A Question of Rights
Mandatory Celibacy: Communion on the End of a Stick
By James E. Biechler
A lot has been written and said about celibacy in the past few years. I know many Catholics have already made up their minds about it, just as they have about birth control--they cannot understand the fuss, and if a bishop sent them a married priest tomorrow they would have no problem with that. Then why don't bishops do that? It just doesn't compute.
--G.W.H., Madison, WI
I'm not surprised that a reader of ARCC Light would hold that position. I only wish everyone would be as understanding. For many Catholics, especially those who have taken seriously the biblical teaching about the holiness of marriage, a married pastor would be as acceptable as an unmarried one. For them a pastor's value is measured in terms of charity and service.
But in that same parish there most likely are people who feel that an unmarried priest is "holier" than a married one. This is because they perceive that the unmarried priest is "chaste" and "pure." That's what they have learned and have absorbed from childhood. It is not so much a matter of knowledge as it is of feeling and perception. By now it is "reality" itself.
When Roberto De Nobili went to India in 1604 he had to convince his Hindu brahmin hearers that he was not an unclean "parangi" (European). He adopted as many brahmanical customs as he found compatible with Christianity. In order to maintain brahmanical purity he gave communion to the lower castes on the end of a stick so that he would not be contaminated by closer proximity to them.
The term "caste" comes to us from the Portuguese and is etymologically related to the Latin term "casta" (chaste, pure). The Hindu caste system is an ordered arrangement of "pure" groups which can be maintained only if physical contact with the impure is avoided.I do not wish to exaggerate but in a real sense mandatory celibacy a simple matter of the pure vs. the impure. You don't have to read much church literature on celibacy to discover that it's really about "purity." That means that the non-celibate is, by comparison, less pure, if not impure. The bottom line is that mandatory celibacy sets up a kind of caste system and those on the other side of the purity fence must be satisfied with the equivalent of communion on the end of a stick.
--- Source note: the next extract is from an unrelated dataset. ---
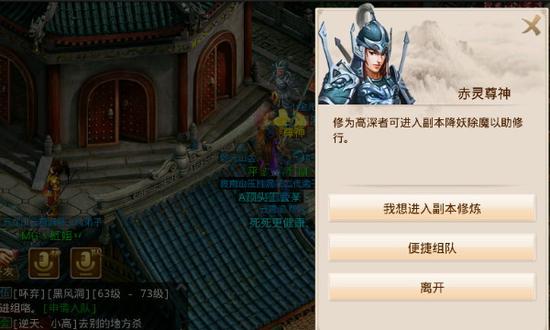 首先点击活动选择副本去到赤灵尊神处接任务哦,最少3个队友,版版建议组满5个人保险点哦!组好队伍就点击继续进入副本,然后选择创建黑风洞副本,这里要求全部队友确定同意进入哦!如图:

Let me make it even stronger. One of the worst aspects of mandatory celibacy is that it limits full Eucharistic communion. Notice I said "mandatory" celibacy. The adjective is crucial. That's what makes it a "caste" reality.
Now you and I know that Eucharistic communion cannot abide barriers. "Communion" and "exclusion" are diametric opposites. Mandatory celibacy sets up an exclusionary fence which the priest cannot cross. Again, it's the ritual equivalent of communion on the end of a stick. It's Eucharistic apartheid.
No one is opposed to celibacy. That can be as beautiful a way of life as marriage. It's the legally imposed, mandated character of celibacy which gets in the way of full communion.
The essence of mandatory celibacy lies in its exclusion of women. By now you may also have concluded that mandatory celibacy's exclusion of women also requires their exclusion from presiding at the Eucharist. Mandatory celibacy IS the exclusion of women. Eucharistic apartheid must be thorough!
You may find this a bit strong and you probably didn't bargain for this kind of argument when you submitted your question. But I would like to go even further and suggest that it may well be this Eucharistic apartheid which is the unconscious root of young people's reluctance to enter the priesthood. Who can blame them?
Dr. Biechler, an emeritus professor of religion, is a member of ARCC's board of directors. He also holds a licentiate in canon law and is a longtime member of the Canon Law Society of America.